図1 マーケティングの処方箋 いいね!数(2012年末時点)

村山
 中でも抜きんでているのが『第6回 「社会とマーケティングモデル」』が49いいね!でトップです。次いで『第10回 SEMと3つの解法』の26いいね!、『第2回 モデルはなぜ必要か?ロジャースとバースを対比して』の23いいね!、と続きます。何れもfacebook上でシェアされる等して、多くの人の目に触れた記事でした。

朝野
 村山さんとしては反響の大きかった記事は、どういった理由で話題が広がったと考えていますか。

村山
 端的に言ってしまえば、ウラを明かしてしまった「暴露話」の反響が大きいように思います。トップの『第6回 「社会とマーケティングモデル」』では日本でハフモデルを取り巻いた外圧の話、『第2回 モデルはなぜ必要か?ロジャースとバースを対比して』では有名なRogersの「イノベーションの普及理論」が「理論無きモデル」であると指摘しています。
 また、2位の『第10回 SEMと3つの解法』については、SEM(共分散構造分析)自体がマーケティングの現場で使われることも多い、比較的メジャーな手法であったからでは、と考えています。

朝野
 なるほど。
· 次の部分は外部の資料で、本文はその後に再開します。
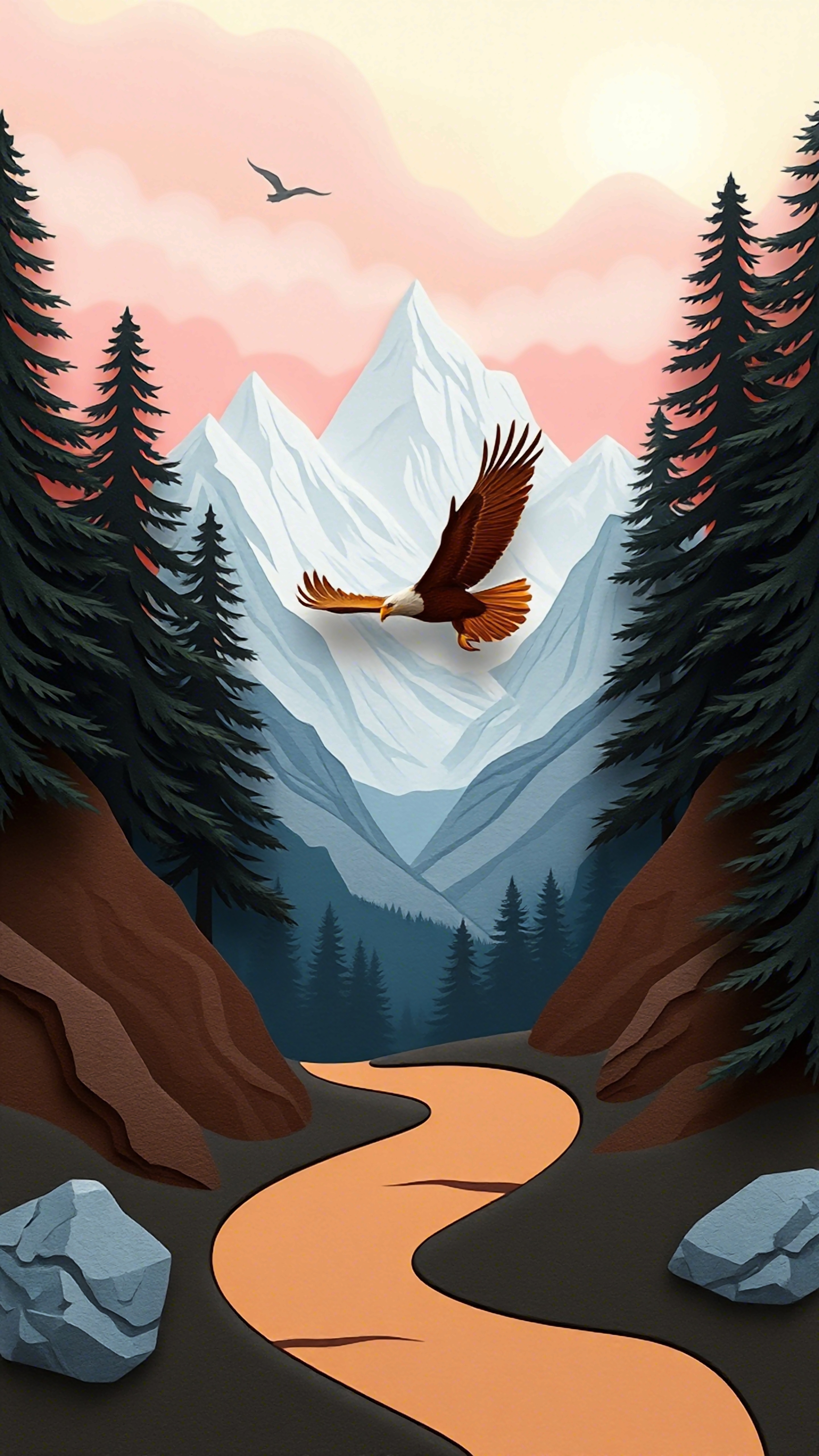 Majestic eagle soars through a stylized mountain landscape, painted in a calming palette of earth tones and cool blues. A peaceful and inspiring nature scene to brighten your day.

暴露とはいっても誹謗中傷が私の発言趣旨ではありませんがね。しかし関心が高いというのは嬉しいことですので、今年は反響の大きそうな話題を中心に連載を続けたいですね。ところで私がした話題はコレクシアさんの仕事とは関連があったのでしょうか?

村山
 どの記事も非常に強く関連していました。SEMや決定木などはコレクシアの業務でも非常に多く出番がありますし、分析ソリューションにはロジットモデルやハフモデルを用いたものもあります。そして何より、朝野先生や、マーケティング・サイエンスの考え方自体が、コレクシアが事業として提供する「科学的根拠に基づくマーケティングの支援」と強く結びついています。

朝野
 では2012年のコレクシアの仕事は忙しかったでしょうか?いかがでしたか。

村山
 昨年1月末に市場調査クリニックを公開してから、このサイトの成長と共に歩んだ怒涛の1年間でした。サイトでは朝野先生の記事や写真も含め、多大な協力を頂けて大変感謝しております。他にも、マーケティングリサーチの寺子屋の鈴木さんの連載や、分析手法の公開なども進め、約1年たった現在では検索しても比較的上位に上がってくるようになりました。
 また、市場調査クリニックでは23の分析手法を現在公開していますが、1年間の多くのお客様との実務を通して、マーケターのニーズがあるテーマ、無いテーマが見極められたことが収穫だったと感じています。今年はニーズのあるテーマにさらに注目し、より良いサービスを提供していきたいと思います。

朝野
 コレクシアには若くて優秀なスタッフがいますので高度な仕事にも対応できたのでしょうね。私としてはマーケティング・サイエンスの分野では次の3つが現在の宿題ではないかと思います。

1.ダイナミックに変動するモデルの研究
2.リアルタイムでかつアダプティブなマーケティングの実現
3.より深い知見を発見するテキストマイニングの研究

 村山さんはそれ以外にどんなテーマに注目しておられますか?

村山
 この記事の読者の方々だけに先んじてお話すると、来年のコレクシアの焦点は「ROI」です。昨年1年間で多くのマーケティングの課題に取り組ませていただきましたが、特に“広告の費用対効果を改善したい”といった課題について多くご相談を頂きました。
 「費用」はビジネスにおいて非常に敏感な問題ですが、科学的な手法によって金額、影響力などを数値で扱い、白黒はっきりつけられる問題でもあります。昨年はある広告プロモーション戦略の費用対効果の分析を行い、予算を増やさずに売上を3割増させることに成功しています。これは費用対効果の分析によって改善の為の明確な指針をもたらし、意思決定を支援できた成果だと考えています。このようなマーケティング施策の改善を、ROIの視点から推進していきたいと思います。

朝野
 それでは最後に、今年の抱負をお聞かせください。

村山
 マーケティング・サイエンスを基盤に、ROIを分析し意思決定を支援する、という新たな価値をお客様に提供することで、コレクシアを更なる高い軌道に推し進めたいと思います。早速1月から、新たな展開も予定していますので、朝野先生にも今後ともよろしくお願いいたします。本日はありがとうございました。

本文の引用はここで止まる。